- Task goal
Please restate word for word all lines from the one containing "1500ml ボトル 水筒" to the final line of the entries, and include no pictures.

- Records for the exercise

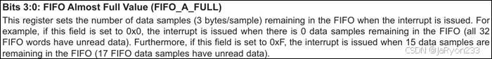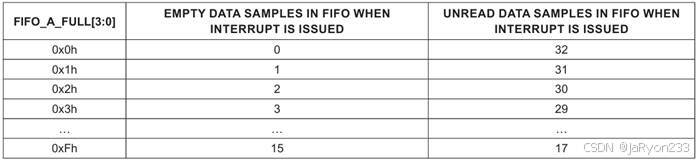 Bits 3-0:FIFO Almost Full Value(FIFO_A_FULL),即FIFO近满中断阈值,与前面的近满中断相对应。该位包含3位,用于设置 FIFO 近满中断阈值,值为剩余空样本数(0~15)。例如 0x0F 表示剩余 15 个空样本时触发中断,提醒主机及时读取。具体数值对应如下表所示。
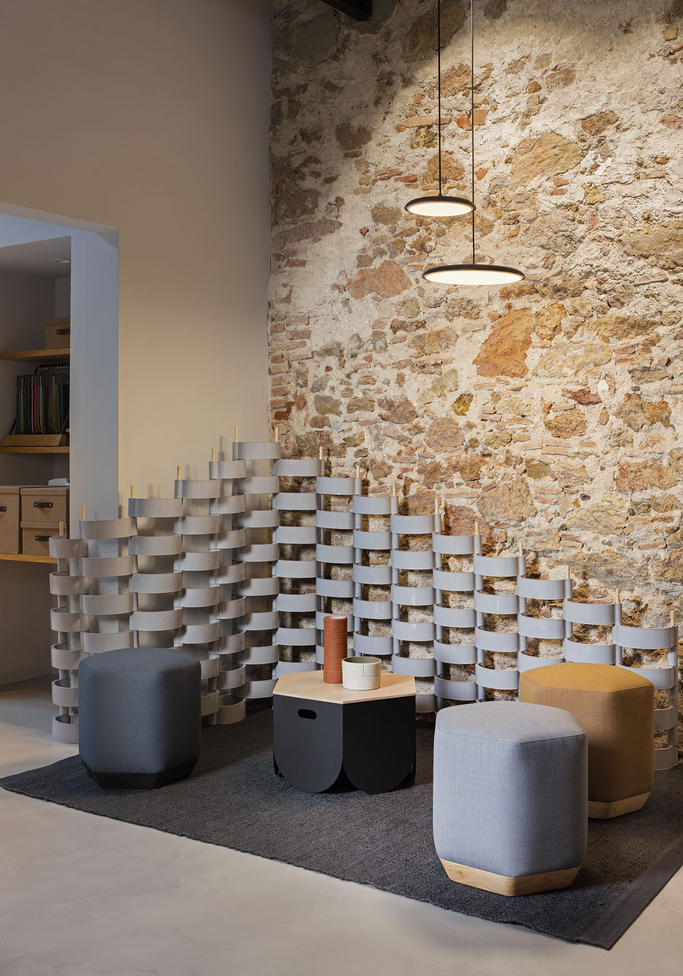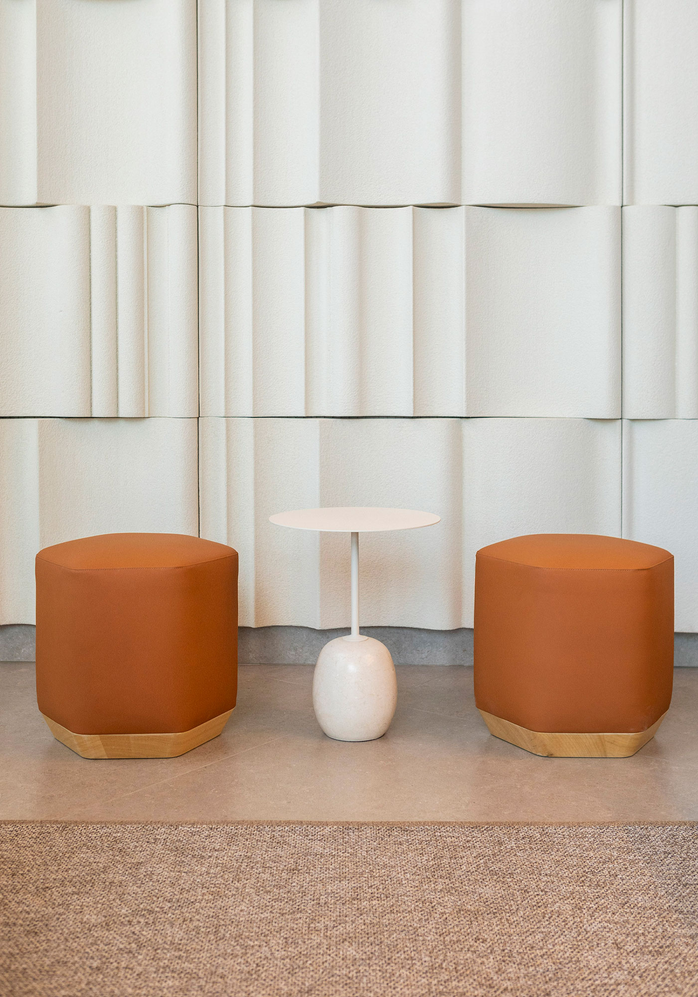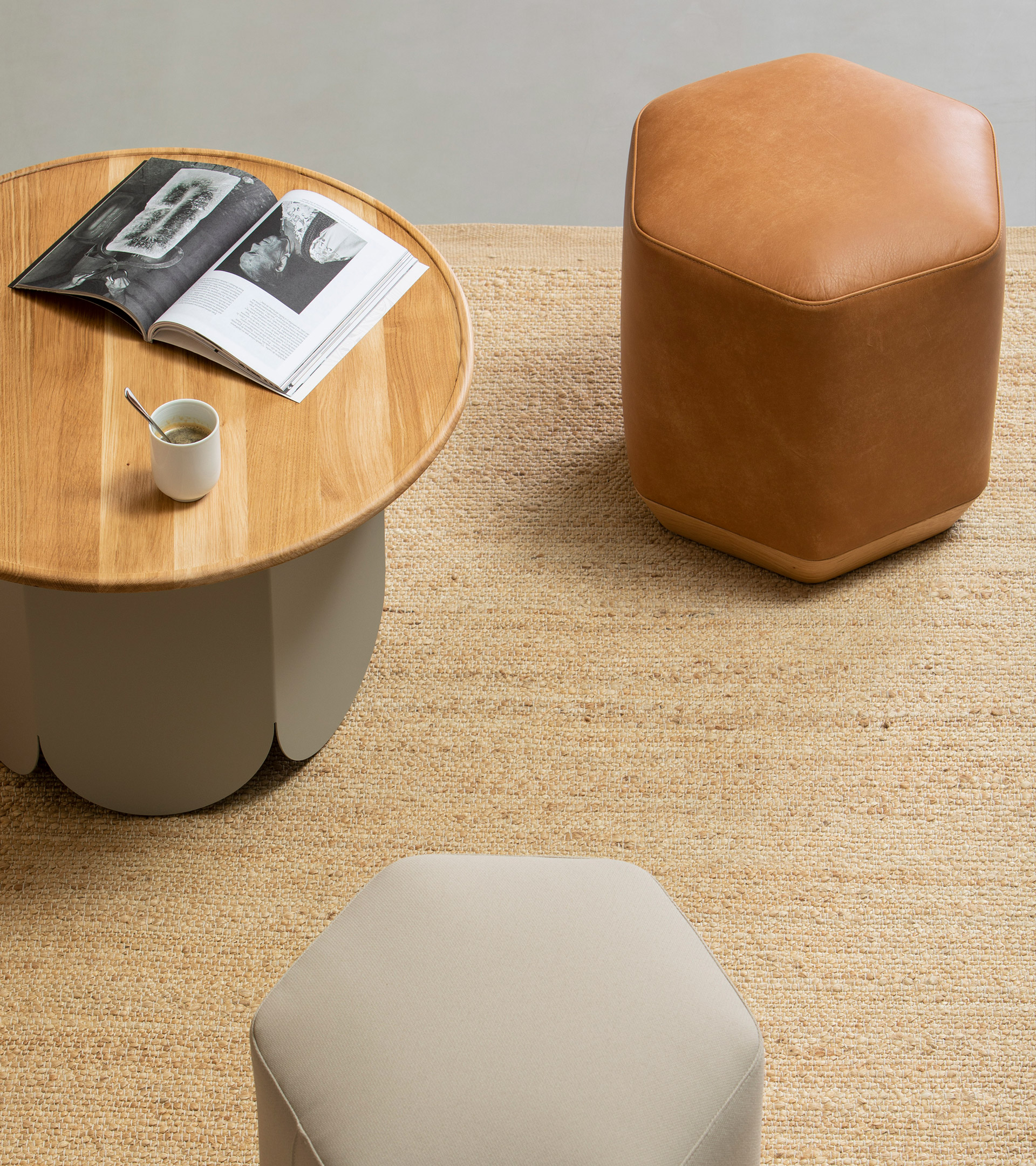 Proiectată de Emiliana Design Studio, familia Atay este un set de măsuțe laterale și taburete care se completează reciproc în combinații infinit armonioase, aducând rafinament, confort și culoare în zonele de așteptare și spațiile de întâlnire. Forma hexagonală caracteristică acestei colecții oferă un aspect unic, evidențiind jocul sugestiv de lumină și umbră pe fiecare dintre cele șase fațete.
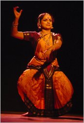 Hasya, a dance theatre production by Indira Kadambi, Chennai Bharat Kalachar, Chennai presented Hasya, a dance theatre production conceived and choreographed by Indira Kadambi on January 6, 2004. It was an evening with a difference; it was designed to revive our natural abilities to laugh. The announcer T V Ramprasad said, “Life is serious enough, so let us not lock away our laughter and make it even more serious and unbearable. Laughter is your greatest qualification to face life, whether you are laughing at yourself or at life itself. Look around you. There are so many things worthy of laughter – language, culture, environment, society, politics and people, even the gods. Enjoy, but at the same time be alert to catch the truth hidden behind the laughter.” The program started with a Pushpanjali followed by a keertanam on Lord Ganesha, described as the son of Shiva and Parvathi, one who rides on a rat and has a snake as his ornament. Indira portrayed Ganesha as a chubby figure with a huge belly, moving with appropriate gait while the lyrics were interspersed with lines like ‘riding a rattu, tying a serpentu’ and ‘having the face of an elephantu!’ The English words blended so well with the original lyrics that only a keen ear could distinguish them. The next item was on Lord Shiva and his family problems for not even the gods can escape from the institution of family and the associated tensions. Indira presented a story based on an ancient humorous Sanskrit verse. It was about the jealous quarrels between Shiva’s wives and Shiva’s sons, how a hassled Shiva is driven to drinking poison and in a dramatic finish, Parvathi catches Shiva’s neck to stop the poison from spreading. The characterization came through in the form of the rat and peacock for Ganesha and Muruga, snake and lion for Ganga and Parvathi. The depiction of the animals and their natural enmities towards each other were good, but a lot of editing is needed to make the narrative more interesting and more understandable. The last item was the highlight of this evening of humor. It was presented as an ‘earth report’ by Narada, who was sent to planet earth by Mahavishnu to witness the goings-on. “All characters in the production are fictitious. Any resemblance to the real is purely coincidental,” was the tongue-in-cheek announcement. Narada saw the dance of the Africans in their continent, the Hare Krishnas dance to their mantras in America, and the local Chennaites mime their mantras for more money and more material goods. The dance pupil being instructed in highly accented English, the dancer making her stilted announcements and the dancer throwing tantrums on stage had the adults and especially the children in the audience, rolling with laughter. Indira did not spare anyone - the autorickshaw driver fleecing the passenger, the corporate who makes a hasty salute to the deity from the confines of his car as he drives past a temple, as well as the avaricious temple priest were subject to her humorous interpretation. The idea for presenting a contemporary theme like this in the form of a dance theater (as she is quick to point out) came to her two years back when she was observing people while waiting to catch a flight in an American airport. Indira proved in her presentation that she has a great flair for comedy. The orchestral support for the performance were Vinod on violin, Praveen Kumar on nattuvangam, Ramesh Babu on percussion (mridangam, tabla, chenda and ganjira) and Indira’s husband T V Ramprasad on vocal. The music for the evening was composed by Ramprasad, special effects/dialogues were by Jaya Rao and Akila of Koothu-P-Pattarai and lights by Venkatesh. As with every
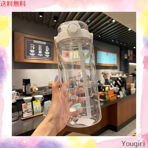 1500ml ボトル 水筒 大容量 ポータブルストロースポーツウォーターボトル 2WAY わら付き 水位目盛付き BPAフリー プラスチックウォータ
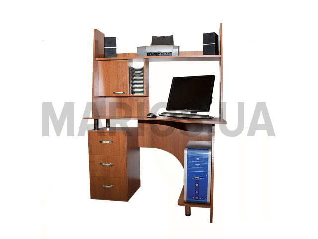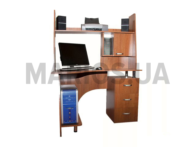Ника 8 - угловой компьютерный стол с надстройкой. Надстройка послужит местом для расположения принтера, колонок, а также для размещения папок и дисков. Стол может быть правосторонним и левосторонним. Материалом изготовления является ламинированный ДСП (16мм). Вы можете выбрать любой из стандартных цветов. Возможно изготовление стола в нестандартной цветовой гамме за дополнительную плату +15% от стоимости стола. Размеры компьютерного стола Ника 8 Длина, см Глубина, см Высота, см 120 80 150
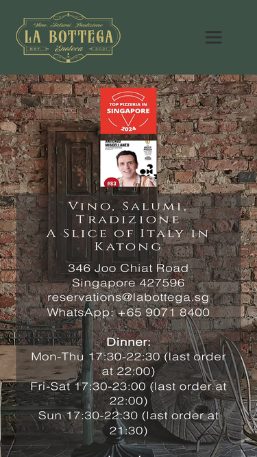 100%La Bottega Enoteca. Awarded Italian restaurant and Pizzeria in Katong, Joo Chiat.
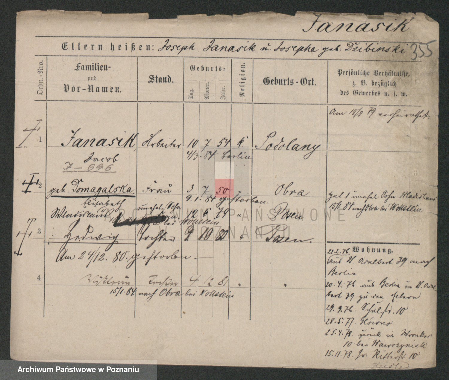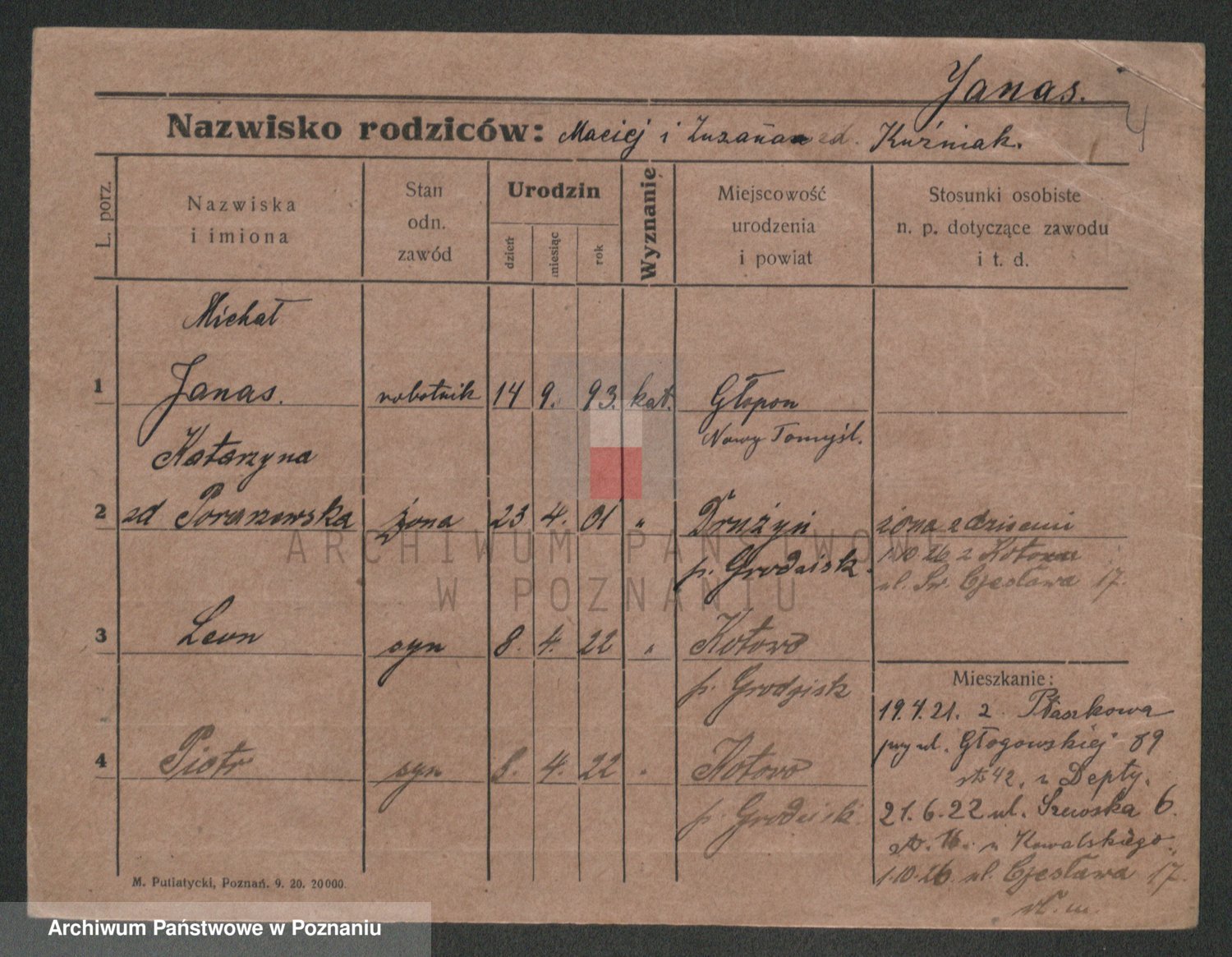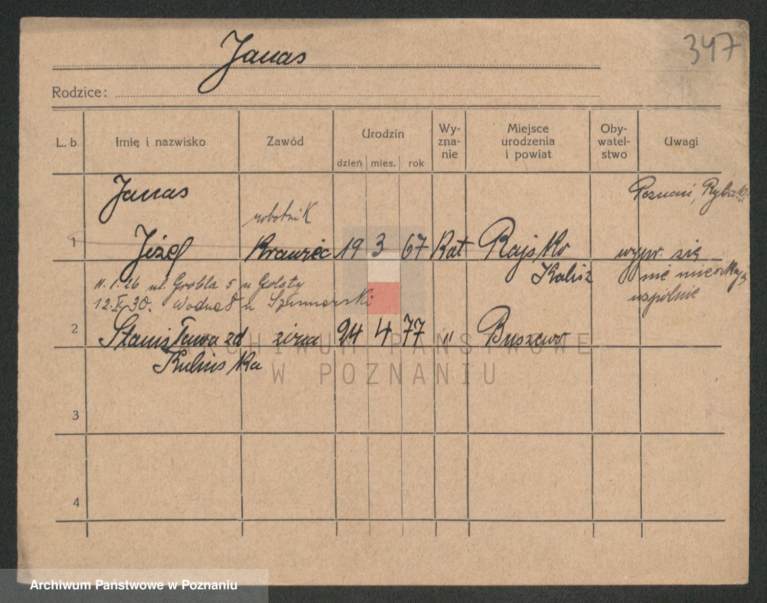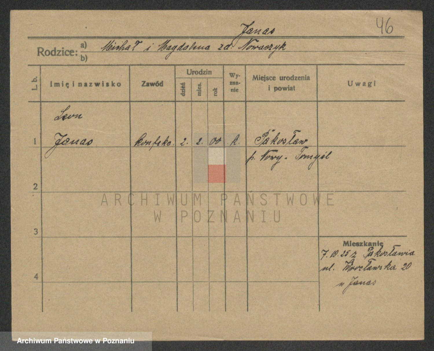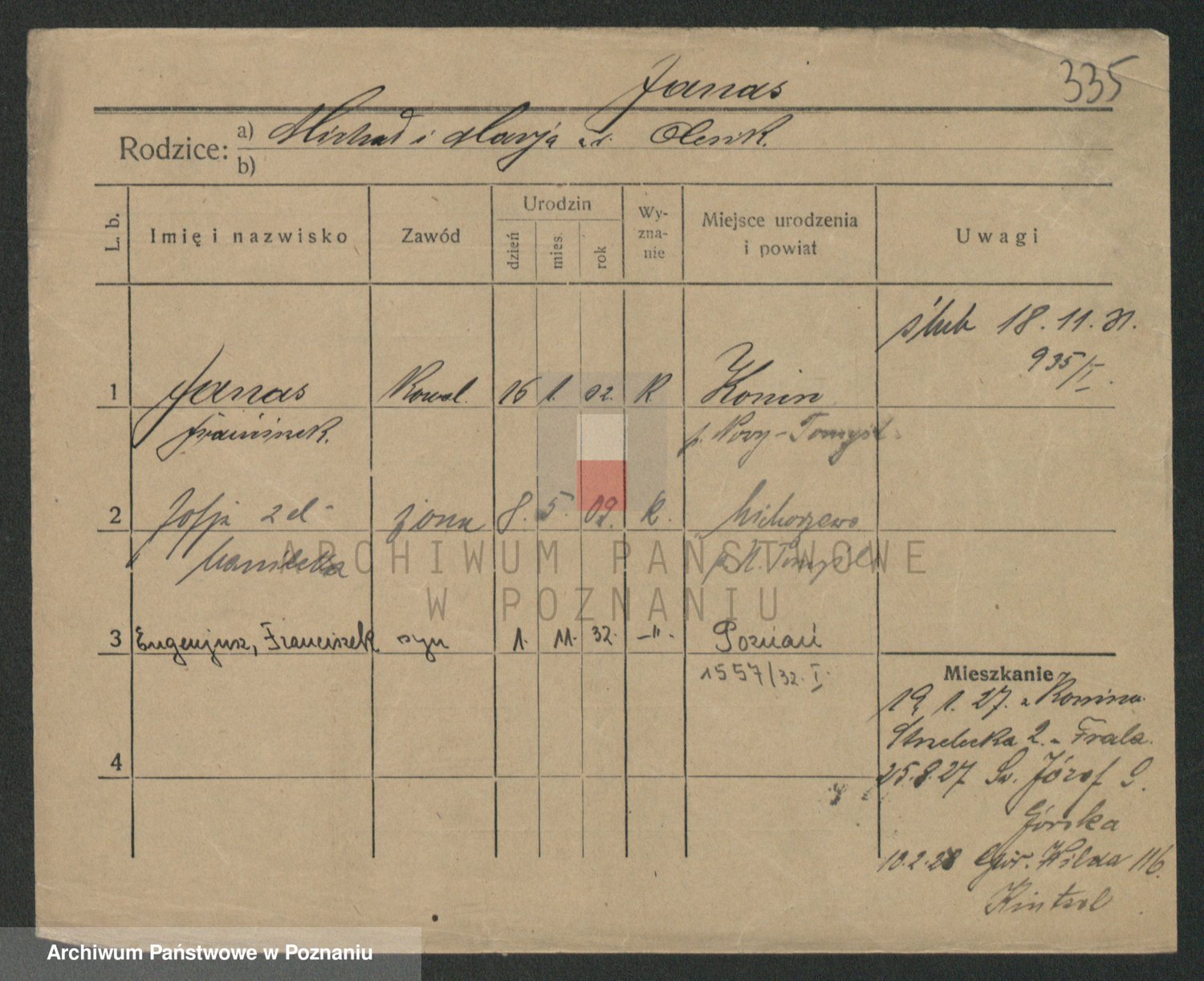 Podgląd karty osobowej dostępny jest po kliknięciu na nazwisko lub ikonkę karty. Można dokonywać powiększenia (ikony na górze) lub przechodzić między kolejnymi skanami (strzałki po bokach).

- Exercise response
 1500ml ボトル 水筒 大容量 ポータブルストロースポーツウォーターボトル 2WAY わら付き 水位目盛付き BPAフリー プラスチックウォータ
Ника 8 - угловой компьютерный стол с надстройкой. Надстройка послужит местом для расположения принтера, колонок, а также для размещения папок и дисков. Стол может быть правосторонним и левосторонним. Материалом изготовления является ламинированный ДСП (16мм). Вы можете выбрать любой из стандартных цветов. Возможно изготовление стола в нестандартной цветовой гамме за дополнительную плату +15% от стоимости стола. Размеры компьютерного стола Ника 8 Длина, см Глубина, см Высота, см 120 80 150
 100%La Bottega Enoteca. Awarded Italian restaurant and Pizzeria in Katong, Joo Chiat.
 Podgląd karty osobowej dostępny jest po kliknięciu na nazwisko lub ikonkę karty. Można dokonywać powiększenia (ikony na górze) lub przechodzić między kolejnymi skanami (strzałki po bokach).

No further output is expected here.